Ukrainian troops liberated the city of Kherson and the part of the region on the right bank of the Dnipro River in November 2022. The part of Kherson Oblast on the left bank remains under Russian occupation.
The report was prepared by the Mobile Justice Team, which had been set up by human rights firm Global Rights Compliance to support Ukraine’s Prosecutor General's Office.
The lawyers identified an initial pool of 320 cases of detention in Kherson Oblast, spread across more than 35 identified detention centers.
Russian guards subjected at least 43% of the victims, including male and female prisoners, to torture practices in detention centers, which often involved sexual violence, the report reads.
Preliminary findings indicate that military personnel were most vulnerable to torture in these centers, and individuals with military families were also targeted.
According to the report, at least 36 victims mentioned the use of electrocution during interrogations, often involving genital electrocution by Russian guards.

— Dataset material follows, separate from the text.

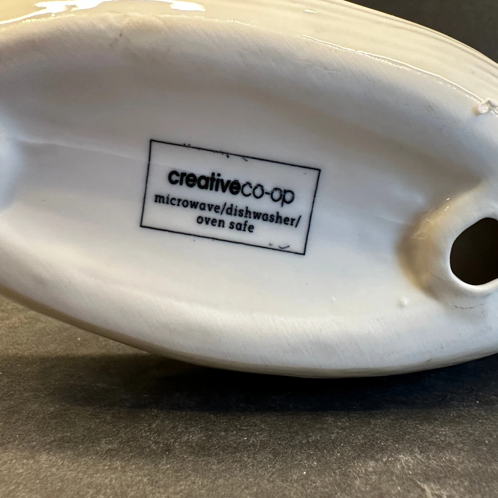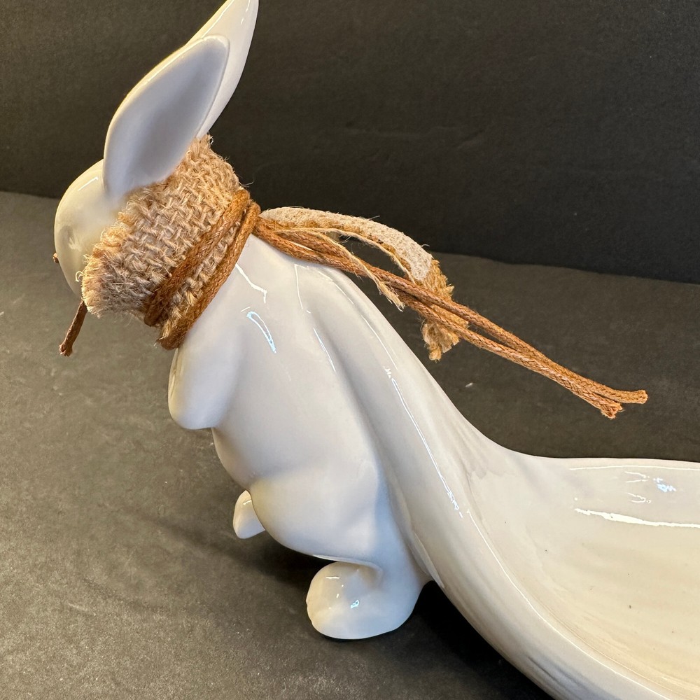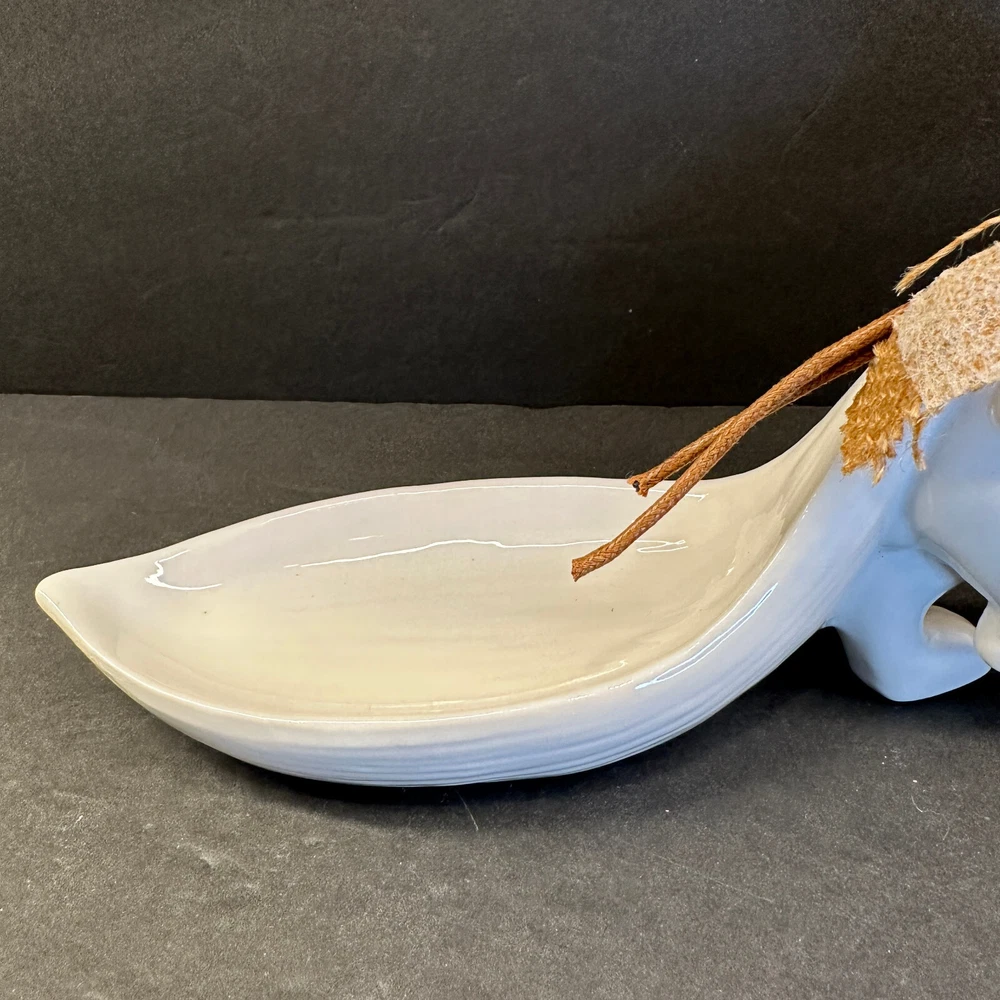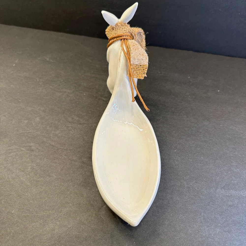 White Stoneware Bunny Rabbit Pulling Leaf Shaped Trinket / Candy Dish - Creative CoOp Made with stoneware Approximately 9.5"L x 3"W x 5.5"H Leaf Shaped Tray approximately 6"L x 2.75"H Excellent preowned condition. Most of the items I sell are estate or thrift store finds, and are presented to you in as is, as found condition. They are described to the best of my knowledge. Some wear is to be expected, unless described as flawless or mint. Because of their age, items may have some imperfections such as minor scratches, rim wear, light staining, and/or minor crazing. I try to describe each item accurately and list all known flaws or damage, however I could miss something. Please look closely at all the photos for condition as they are considered to be part of the description and email with any questions before buying.

Other victims reported threats of genital mutilation, and at least one witnessed the rape of another detainee using a foreign object covered in a condom.
“In relation to men, the majority of crimes is sexualized torture, and that’s usually torture of genitalia so that’s a form of punishment and kind of precludes them from having children,” said Anna Mykytenko, senior legal adviser and Ukraine country manager for Global Rights Compliance.
The report reveals that Russian guards in the Kherson torture chambers commonly employed techniques such as suffocation, waterboarding, severe beatings, and threats of rape against victims.
Wayne Jordash, managing partner and co-founder of Global Rights Compliance, stated that the torture and sexual violence tactics uncovered in Kherson detention centers suggest a range of crimes evocative of genocide in Russian dictator Vladimir Putin's plan to extinguish Ukrainian identity.
Mykytenko believes that some of the patterns observed in Kherson could eventually be classified as genocidal, but she acknowledges that proving such claims is difficult and requires further investigation.
On July 17, an investigation by the Associated Press found that thousands of Ukrainian civilians are detained in a network of formal and informal prisons across Russia and Russian-occupied territories, where they endure psychological abuse, torture, and slave labor.
Indications of torture and sexual and psychological abuse have been discovered in multiple regions across Ukraine, including Izium, Bucha, Mariupol, Melitopol, Kharkiv, and others.
On Aug. 2, Yurii Bielousov, the head of the War Crimes Department of Ukraine's Prosecutor General's Office, stated that his team had recorded 98,000 war crimes committed by Russian forces in Ukraine.
Despite overwhelming evidence, Russia has consistently denied accusations of torture and human rights abuses in Ukraine.
Russian officials have not yet commented on this report.